Tumor testing (immunohistochemistry for DNA mismatch repair proteins, MSI analysis, and MLH1 methylation analysis) has emerged as a useful tissue screening tool to help identify patients at risk for harboring a Lynch syndrome mutation. It is well known that patients who are tissue screen-positive may not subsequently have a germline Lynch syndrome gene mutation detected. Of the 365 patients that had tumor testing performed, 51 (14%) were tissue screen-positive defined as loss of MLH1 expression (without MLH1 methylation) or loss of MSH2, MSH6, or PMS2 by immunohistochemistry. Patients with MSI-high tumors lacking MLH1 methylation but with intact immunohistochemistry expression of mismatch repair proteins were also considered tissue screen-positive. Thirty of these patients (63%) had tumor testing results suggestive of Lynch syndrome, but were found to have no germline mutation in Lynch syndrome genes. As shown in Table 5, patients with deleterious germline mutations in Lynch syndrome genes were diagnosed at a younger age compared with tissue screen-positive but Lynch syndrome germline-negative patients (mean 52 vs 60 years, P<0.01). However, there were no significant differences in BMI, tumor location, and family history between patients with deleterious mutations in Lynch syndrome genes, and screen-positive patients with no identifiable deleterious mutation. Interestingly, when examining BMI, tumor location (lower uterine segment vs corpus), the Society of Gynecologic Oncology criteria, and family history of Lynch-associated cancer, there is a graded difference between the Lynch syndrome deleterious mutations, tissue screen-positive/germline Lynch syndrome deleterious mutation-negative, and sporadic cancer groups. For example, the percentage of screen-positive/germline Lynch syndrome deleterious mutation-negative patients with a family history of Lynch-associated cancer was 42%, greater than that for the sporadic patients (33%) but less than that for the Lynch syndrome deleterious mutation patients (59%). In addition, the endometrial cancer patients who are tissue screen-positive but Lynch syndrome germline mutation-negative tend to have clinical and pathological features which are intermediate between patients with identified Lynch syndrome germline mutations and patients with sporadic endometrial cancer (no Lynch syndrome mutation and not tissue screen-positive).

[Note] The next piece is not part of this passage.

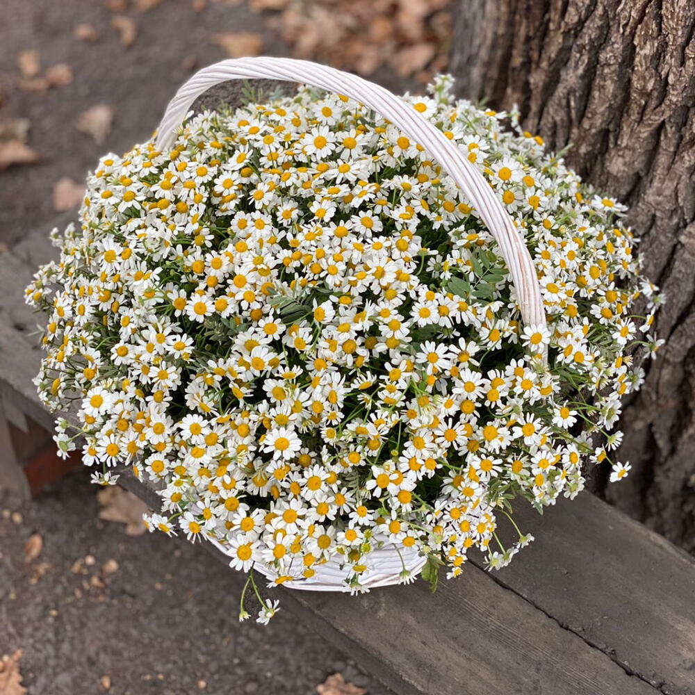 Корзина плетеная – 1 шт. полевые ромашки – 25 шт.

Table 6 summarizes age of diagnosis and family history for the individual Lynch syndrome mutations. For deleterious mutations in MLH1, MSH2, and EPCAM-MSH2, 80% of patients were diagnosed at age <50 years, 90% of patients met the Society of Gynecologic Oncology criteria for genetic assessment referral, and 90% have a documented family history of Lynch syndrome-associated cancer. Conversely, for deleterious mutations in MSH6 and PMS2, 83% of patients were diagnosed at age >50 years, 67% did not meet the Society of Gynecologic Oncology criteria, and 67% did not have a documented family history of Lynch syndrome-associated cancers.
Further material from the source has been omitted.